On the first warm, flashing day of spring, he began to walk. He didn’t consider distance or direction, just plodded off with Isa in his arms, her bottle in his pocket so that he could pause on a park bench or the steps of some municipal building and feed her. He’d grown a beard and hadn’t cut his hair. On the street, people paused to see him. Day after week he walked, always surprised to see the sun fall so quickly through the sky. Soon he sat her on his shoulders, these moments cast into her first memories, fingers in the red hair that she wore on her legs like a blanket or buried her arms in against the wind, avenues of sloping lights, city dusks and far off the skyscrapers of New York like a basket of jewels. He walked with a boxer’s hunch and held her feet so that even when she slept, she stayed on his head. It was like some story from the curé’s book, the wandering, the year passing into summer, autumn, ice crystals at dawn on the windows. He bundled her in clothes and scarves, carried her like a pod in his arms so that she blinked at snowflakes. Spring again and they went farther, crossed on bridges beneath metal girders, through interlaced sunlight and into Manhattan. He gazed at pretty clerks through shop windows, his looming reflection scary, the small girl laughing, her hair a halo of curly brass, a rein of his own in each of her fists. Into Brooklyn and Queens where black folk looked at him with silent respect for his ugliness and strength, for the simple joy on his face. Back
out, Palisades Boulevard, Englewood Cliffs and Fort Lee, Edgewater, and home again at some lost hour, their empty house. To sleep briefly and leave. Unable to exhaust himself, he followed the river, kept the heaped city at the corner of his eye, the traffic across the water on Henry Hudson Parkway. Guttenberg or Weehawken, passenger ferries and again the ranked city. The branches of Central Park against those high, glittering buildings. Street lamps ran on. City dusks lit the river. Isa wore a sun hat, a mysterious thing she would still have years later.
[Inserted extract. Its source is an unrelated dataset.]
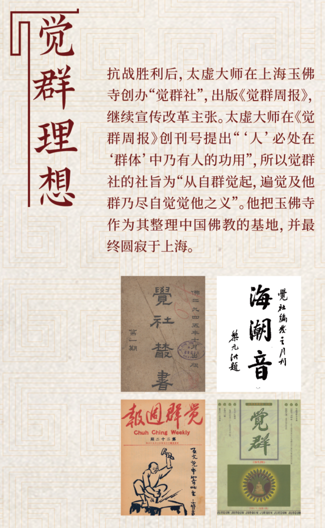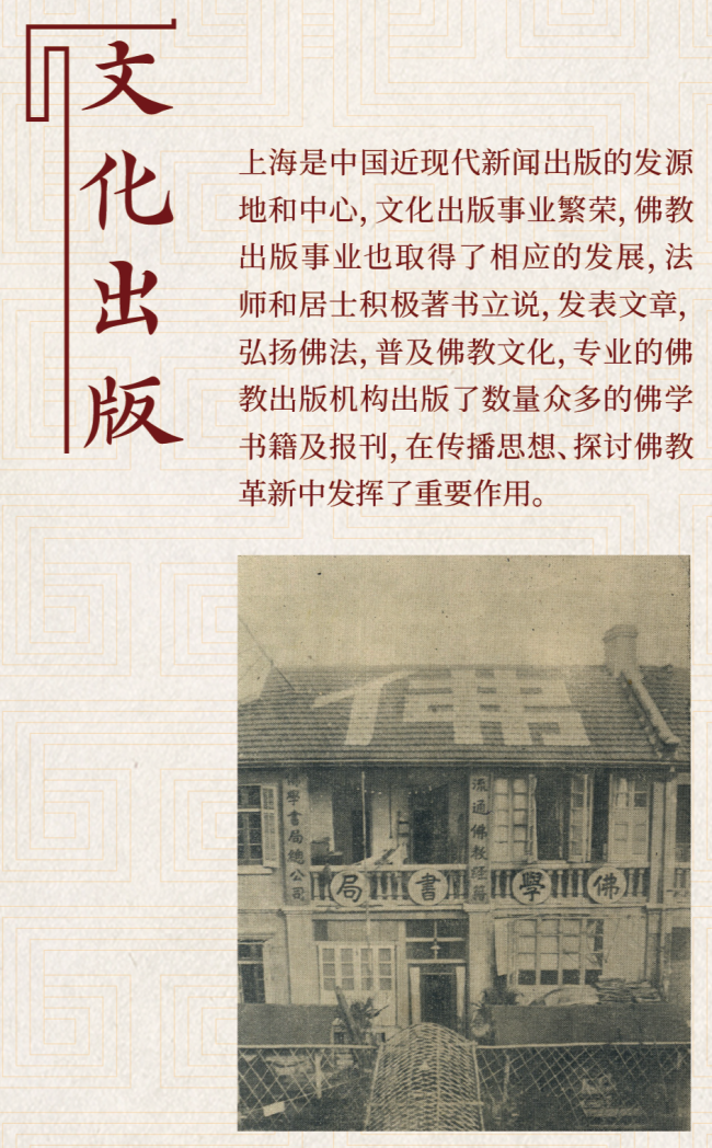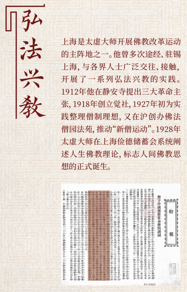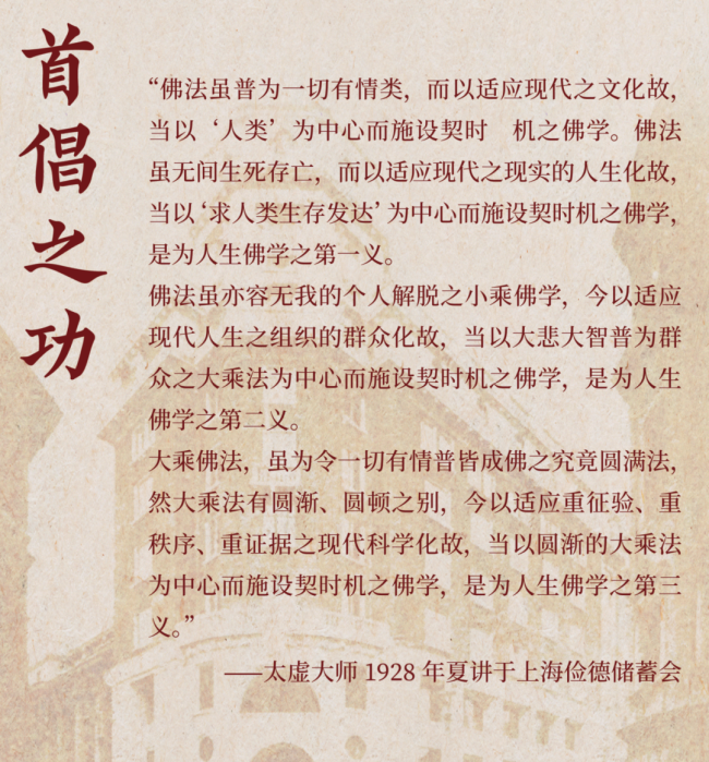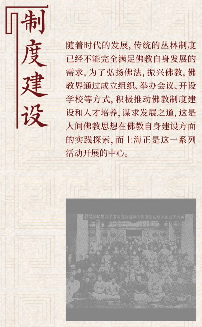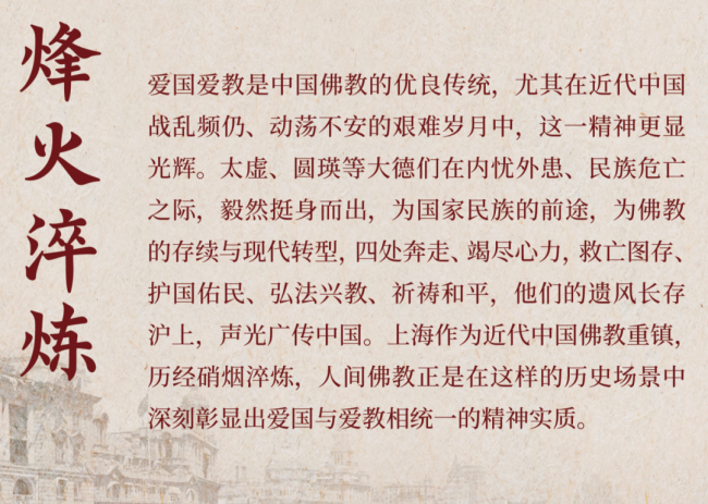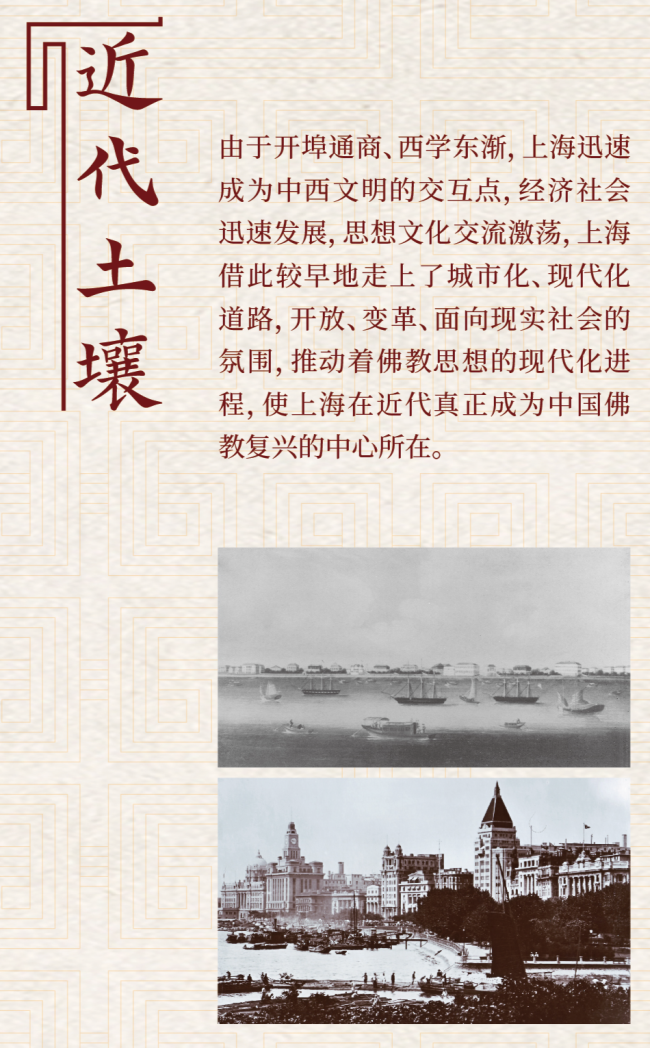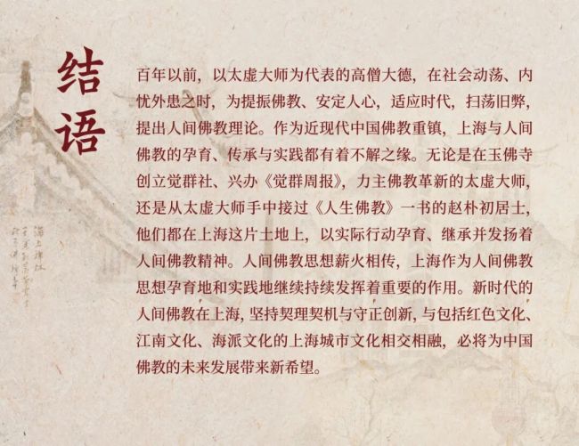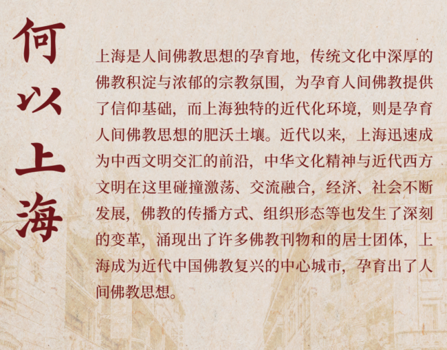 上海佛教源远流长,相传肇始于三国吴赤乌年间,但上海真正成为佛教重镇,乃是百年前的近现代。处在时代浪潮中的佛教面对民族危难、社会剧变和自身的种种问题,迫切需要探索现代化道路,上海作为近现代思想文化交汇碰撞的窗口,以其开放包容的城市精神、多元交融的文化土壤,为诸多有识之士提供了一片广阔的场域。在种种尝试之中,最为重要的、影响最为深远的,就是“人间佛教”思想。

Then one afternoon a police car followed slowly for ten minutes before it sped away. He realized through some fog of motion what a sight they were. He thought of the woman at the daycare who’d helped him from time to time. It was a miracle he hadn’t been caught. He feared loss, heard doors close at night, prowling motors. He went to the window, then looked back to where Isa slept in the blankets. To lose this love, this simple silent world and all that streaked within him was too much now, again.
In the bathroom that night, he stood before his inexpressive features. The face held so much violence, and he wished he could ask it what he was doing here or could do, but he’d reached the point within failure when it is no longer possible to ask. He’d failed with Isa-Marie and boxing and Louise and even here, in the place his people had sought. All that remained was the tenderness of his child.